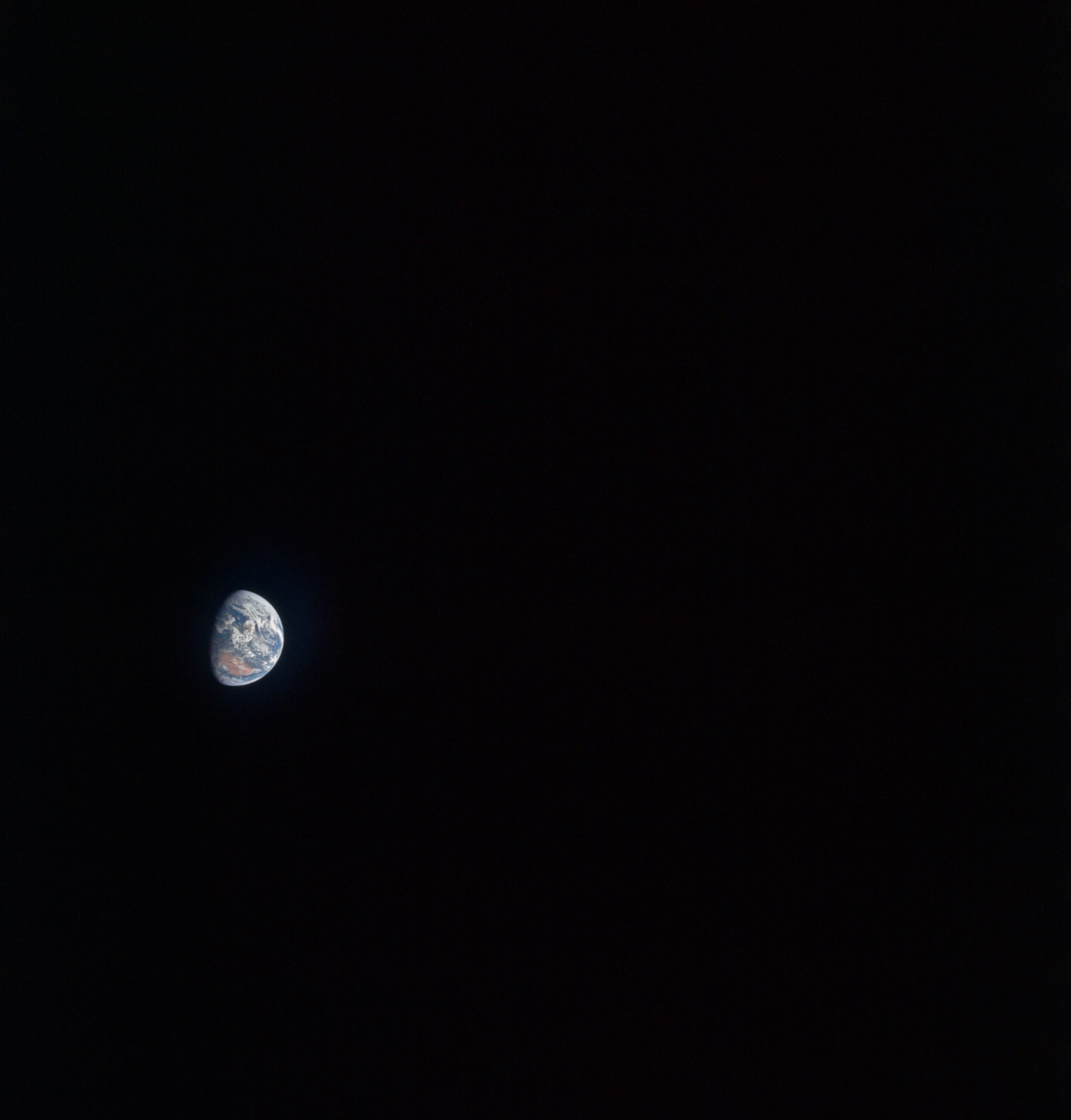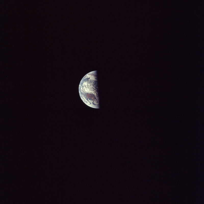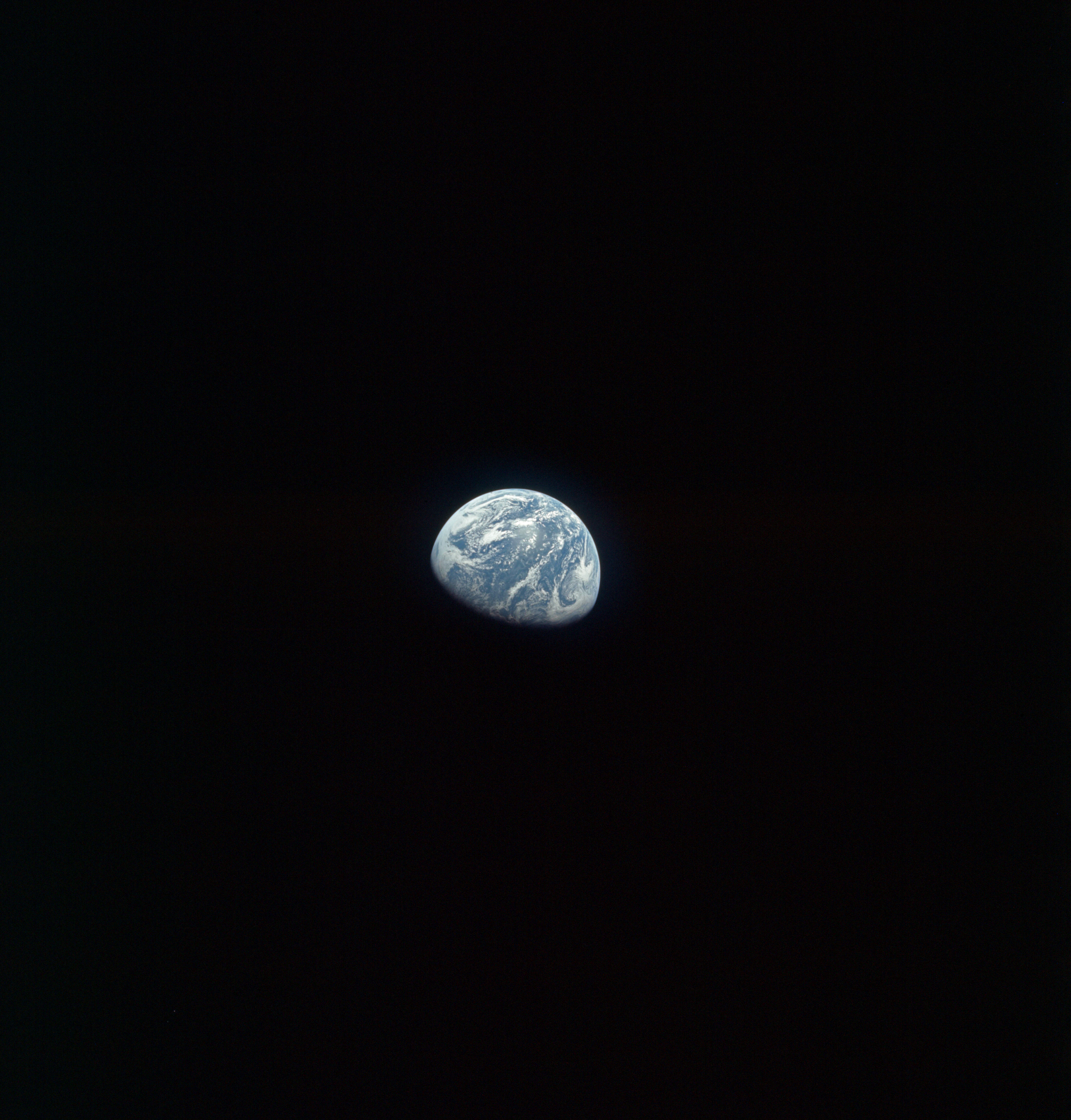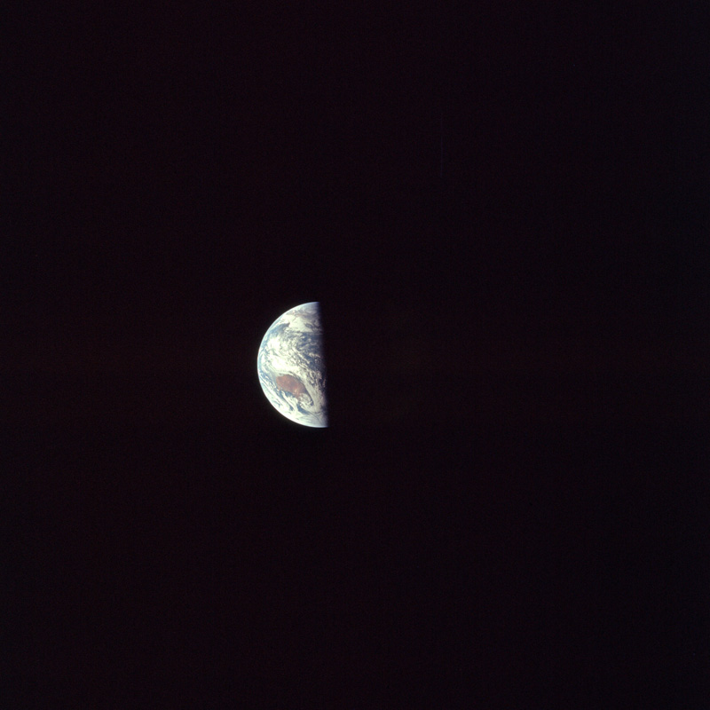 AS08-16-2593 173 kB or 9.79 MB The first whole Earth image taken by a human, likely Bill Anders. Close study suggests that this image was taken at 004:36:00 at a distance of about 27,000 km. South is approximately to the right and the image favours South America. Central America and Florida is towards the bottom of the image with the west coast of Africa at top left. Image credit: Image Science and Analysis Laboratory, NASA-Johnson Space Center. |
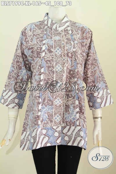 Model Baju Batik Seragam Kerja Wanita Dewasa, Pakaian Blus Kerah Shanghai Plisir Nan Elegan Di Lengkapi Kancing Depan Sampai Bawah Harga 165K Motif Proses Cap [BLS7199C-XL]
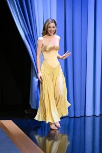 Reinhart’s appearance felt poised, calm, and fully in tune with the energy of a major talk show moment. Her styling kept the focus on the gown’s golden tones and the effortless flow of the skirt. It was a fresh, modern take on evening glamour, built for the mix of conversation, cameras, and live audience energy.
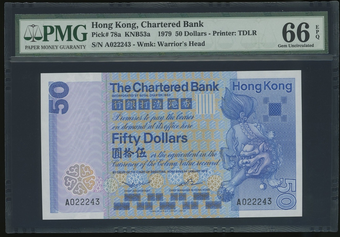 The Chartered Bank, $50, 1.1.1979, serial number A022243, (Pick 78a), PMG 66EPQ Gem Uncirculated
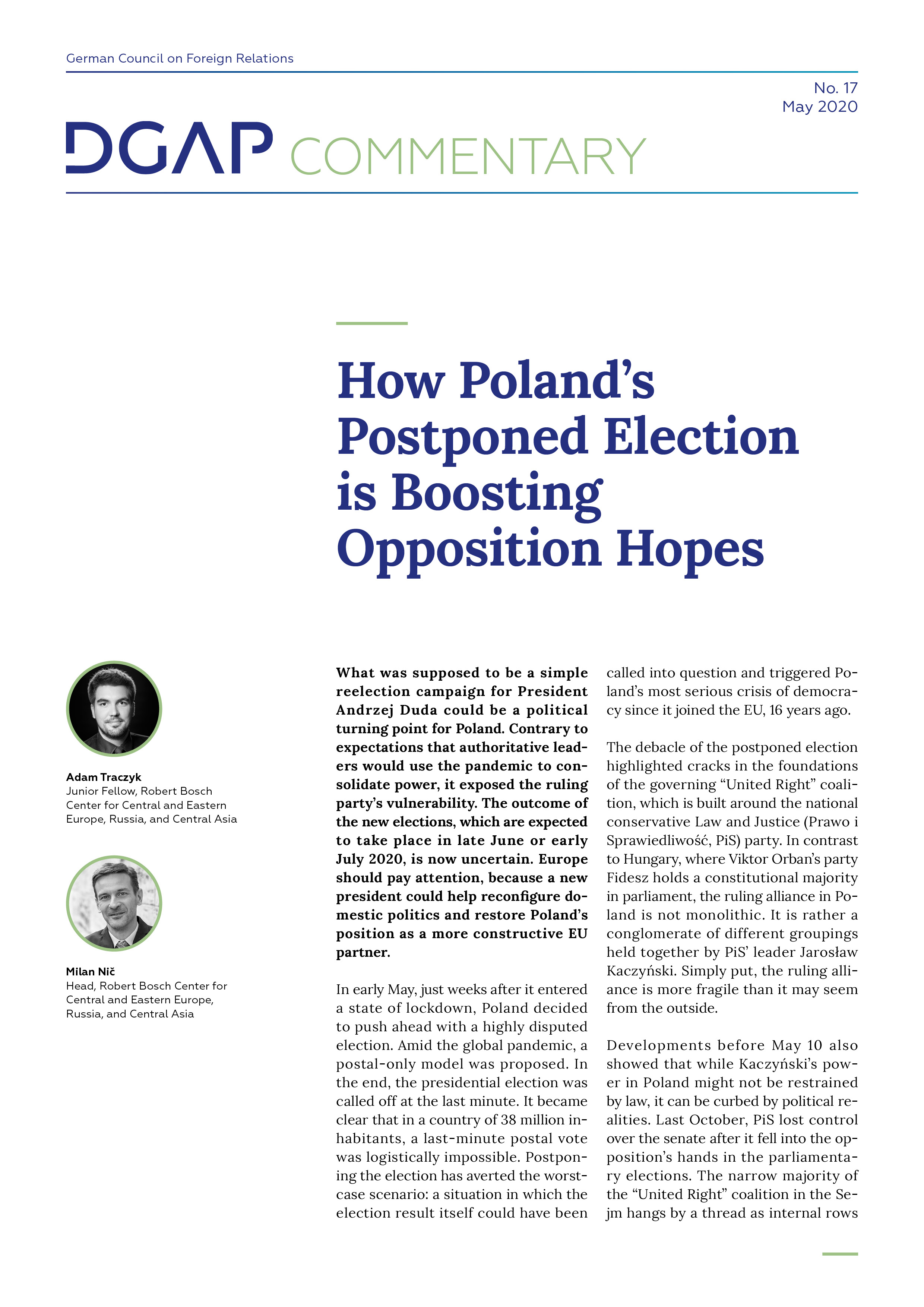 Polls conducted ahead of May 10 indicated that a significant number of opposition voters planned to boycott the election. Therefore, polls indicated that President Duda, backed by PiS, would be almost guaranteed to secure the presidency in the first round by winning more than 50 percent of the votes. More recent polls have shown that if the election were to be held in normal conditions, the current president could count on the support of slightly more than 40 percent of the voters. That still places Duda on pole position, but raises the possibility of a run-off with the leading opposition candidate. The race for the presidency is becoming more and more competitive.

★ ★ ★ ★ ★ ★ ★

Word for word, return the material above; the pictures stay out.

 AS08-16-2593 173 kB or 9.79 MB The first whole Earth image taken by a human, likely Bill Anders. Close study suggests that this image was taken at 004:36:00 at a distance of about 27,000 km. South is approximately to the right and the image favours South America. Central America and Florida is towards the bottom of the image with the west coast of Africa at top left. Image credit: Image Science and Analysis Laboratory, NASA-Johnson Space Center. |
 Model Baju Batik Seragam Kerja Wanita Dewasa, Pakaian Blus Kerah Shanghai Plisir Nan Elegan Di Lengkapi Kancing Depan Sampai Bawah Harga 165K Motif Proses Cap [BLS7199C-XL]
 Reinhart’s appearance felt poised, calm, and fully in tune with the energy of a major talk show moment. Her styling kept the focus on the gown’s golden tones and the effortless flow of the skirt. It was a fresh, modern take on evening glamour, built for the mix of conversation, cameras, and live audience energy.
 The Chartered Bank, $50, 1.1.1979, serial number A022243, (Pick 78a), PMG 66EPQ Gem Uncirculated
 Polls conducted ahead of May 10 indicated that a significant number of opposition voters planned to boycott the election. Therefore, polls indicated that President Duda, backed by PiS, would be almost guaranteed to secure the presidency in the first round by winning more than 50 percent of the votes. More recent polls have shown that if the election were to be held in normal conditions, the current president could count on the support of slightly more than 40 percent of the voters. That still places Duda on pole position, but raises the possibility of a run-off with the leading opposition candidate. The race for the presidency is becoming more and more competitive.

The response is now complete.